→ **EXERCISE**: Below are the records; return exactly the lines from the one with "- A neat and" through the final line, both included, minus any pictures.

→ **WORKING DATA**:
══════

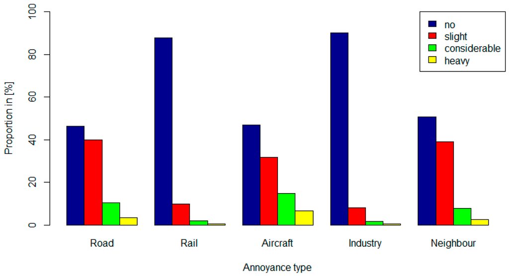 Noise annoyance at home due to road traffic, trains, aircrafts, industry and neighbours was evaluated using a four-points Likert scale with categories “no”, “slight”, “considerable”, and “heavy” [24].
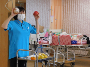 色紙の果物は、ご利用者の手に届くようゴムでぶら下げてあります。しっかり持って引っ張るとプチっと離れ、お目当ての果物をゲットしました。
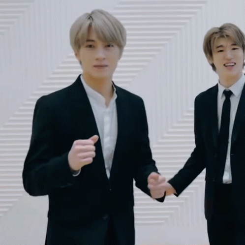 Kim Sangwoo in a black suit and white shirt, making hand gestures with a smile.
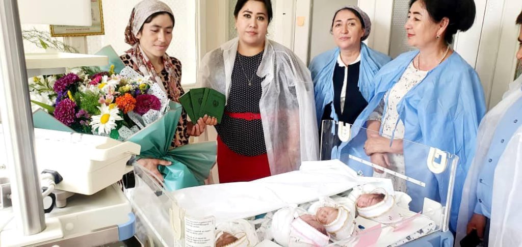 Мадина Бобоиён, муовини раиси шаҳри Исфара дар суҳбат ба “Азия-Плюс” гуфт, рӯзи 22-уми июн ба аёдати чаҳоргоникҳо ба таваллудхонаи шаҳри Хуҷанд омадаанд ва ба модарашон шаҳодатномаи таваллуд, як миқдор маблағи пулӣ ва тӯҳфаҳо ҳадя карданд. Ӯ гуфт, ҳангоми аз беморхона рухсат шудан ҳукумати Исфара навзодон ва хонаводаи ӯро зери назорат мегирад ва боз кӯмакҳо мерасонанд.
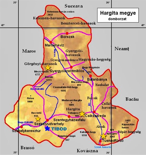 vármegye területén. A Hargita-hegység és a Csíki-havasok között
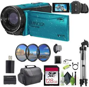 Minolta MN4K300WP 4K Ultra HD / 56 MP Waterproof Camcorder - Blue - Bundle
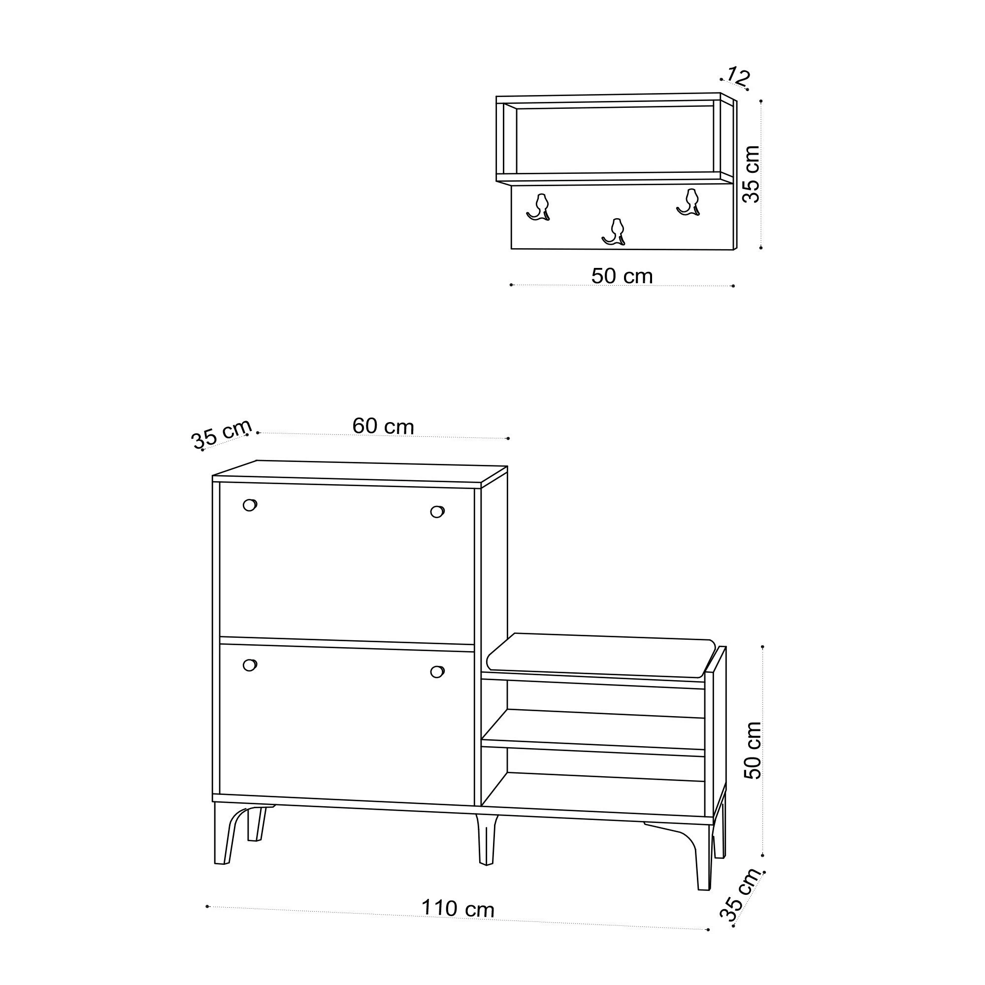 Qua afmetingen heeft de Emerald Schoenenkast een breedte van 110 cm, een hoogte van 92 cm en een diepte van 35 cm. Dit formaat is perfect voor een breed scala aan schoenmaten en stijlen en biedt voldoende opbergruimte voor je hele schoenencollectie. Daarnaast wordt het geleverd met een hangende kapstok met afmetingen van 50 cm (breedte), 35 cm (hoogte) en 12 cm (diepte), die een handige plek biedt om je jassen of andere accessoires op te hangen.
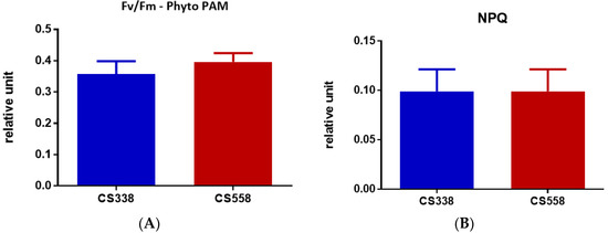 Comparison of both (A) maximum quantum yield (Fv/Fm) and (B) non-photochemical quenching (NPQ) of M. aeruginosa strains CS338 and CS558 growing in batch culture. Samples were taken at exponential phase (day 5). Error bars represent standard deviation of three replicates.
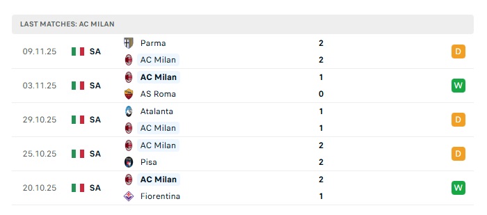 • Phong độ gần đây AC Milan
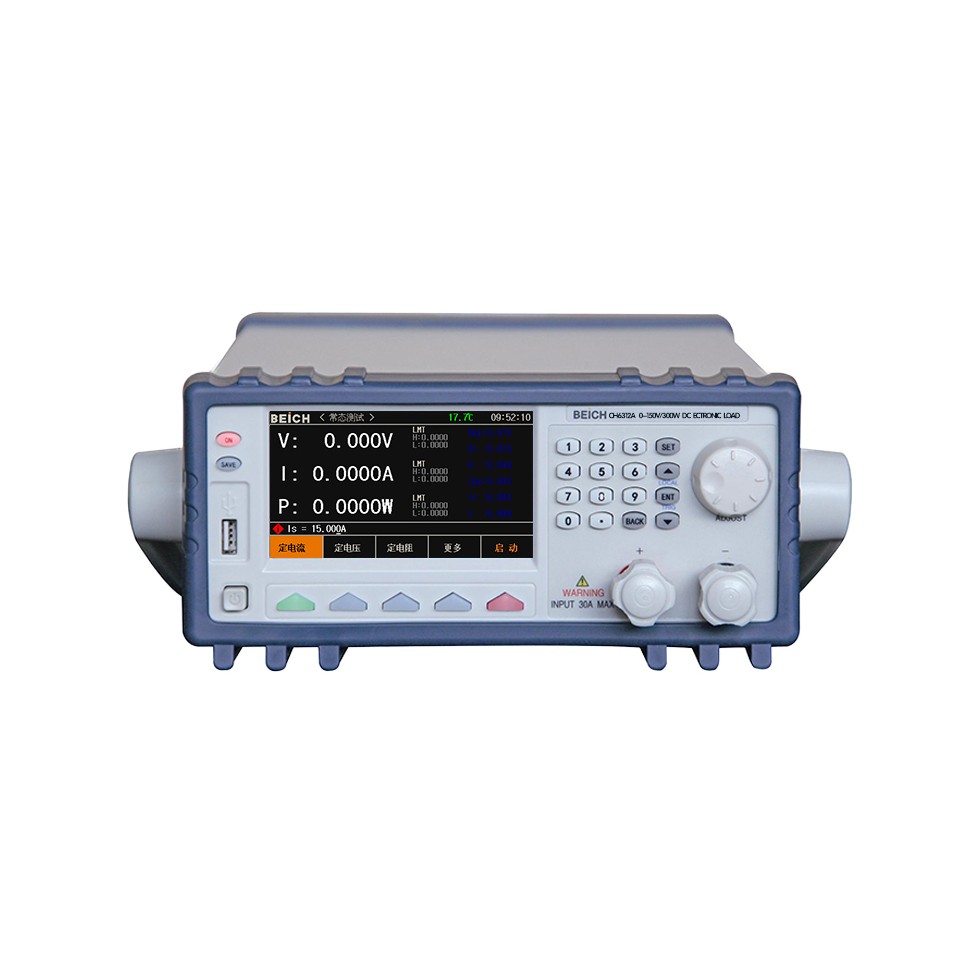 CH6311系列电子负载是我公司在电子负载领域多年的专业积累,和广泛的客户基础上,新推出的新一代高性能多功能程控直流电子负载。采用高性能ARM处理器配合500kHz高速采样AD,可更精准的模拟各类电源负载特性;4.3寸TFT彩屏支持中英文界面,配合精心设计的引导式菜单,操作得心应手;显示信息丰富全面,直观方便;拥有0.0001的更高显示分辨率,应对更多测试场合;USB HOST 、USB Device,可方便与PC进行数据通讯及数据保存并可以方便的使用U盘进行固件升级;全面的比较器功能配合HANDLER接口,使得生产线批量测试和系统化测试更加有保障;拥有丰富全面的负载功能:定电流CC,定电压CV,定功率CP,定电阻CR,CR-LED测试模式(真实模拟驱动电源特性),电池放电测试(屏幕可以显示实时放电曲线),动态测试(测试电源动态输出性能),列表测试(测试电源在多种负载条件下的综合参数,包含比较器功能)及编程测试(捕获电源产品的临界参数,如OCP、OPP等);时间测量功能,可测试电源的开关机时间,柔性的软硬件构架可满足用户订制组合测试功能的要求,从而提高生产线测试效率;智能化的风扇控制和优良的散热性能,配合过电压、过电流、过功率、过热和电压极性反接等多种完善的保护报警措施,使得仪器更具可靠性和安全性;仪器全系标配有USB接口,配合丰富的SCPI指令集,可方便连接到电脑,进行实时数据采集和仪器控制。
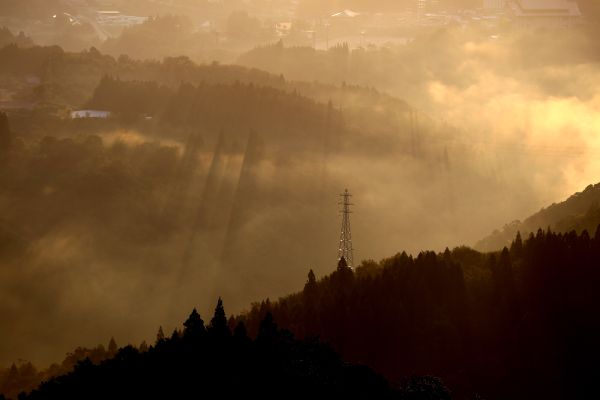 「国見ヶ丘は雲海の名所として知られています。雲海は2〜3日晴れが続き、朝晩と昼の温度差が平年度以上で、適度な温度があり、晴天で風の無い朝に見ることが出来ます。もっともよく現れる時期は9月末から11月上旬にかけてです。初日の出や紅葉各所としても知られています。
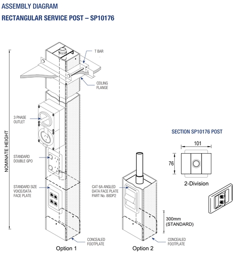 - A neat and attractive extruded aluminium post for the distribution of power and voice/data cables from the ceiling space to the work areas below.
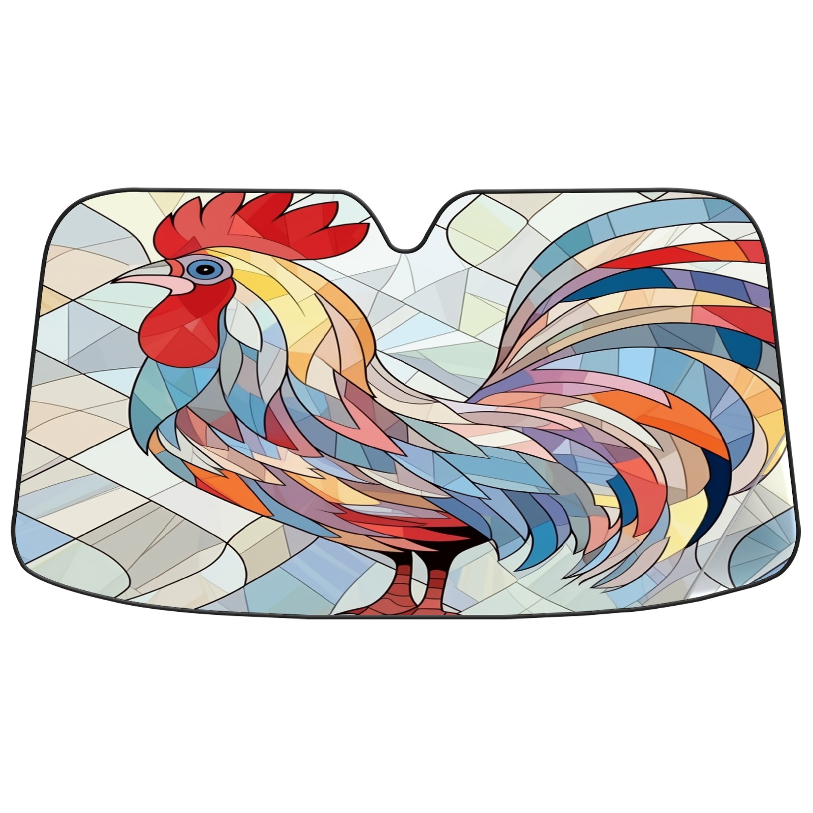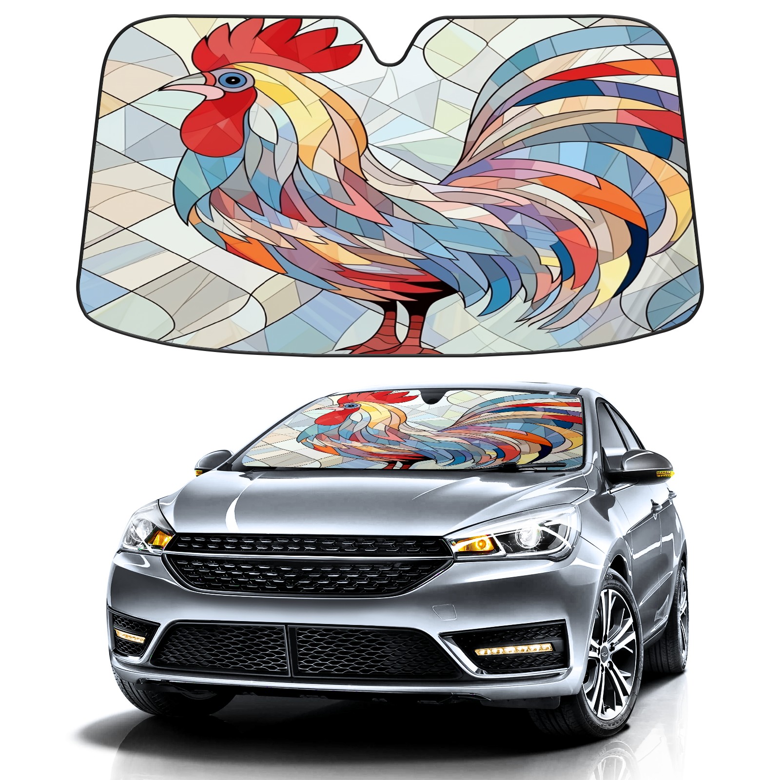 Car Windshield Sun Shade for Front Window Stained Glass Rooster (1) Foldable Vehicle Windshield Car Sun Visor Covers Automotive Window Protector Car Camping Privacy Sun Blocker
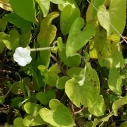 多年生草本,茎略呈蔓性。叶呈心形或不规则卵形,偶有缺裂,叶色为黄绿色,花喇叭形。

══════

→ **EXERCISE RESULT**:
 - A neat and attractive extruded aluminium post for the distribution of power and voice/data cables from the ceiling space to the work areas below.
 Car Windshield Sun Shade for Front Window Stained Glass Rooster (1) Foldable Vehicle Windshield Car Sun Visor Covers Automotive Window Protector Car Camping Privacy Sun Blocker
 多年生草本,茎略呈蔓性。叶呈心形或不规则卵形,偶有缺裂,叶色为黄绿色,花喇叭形。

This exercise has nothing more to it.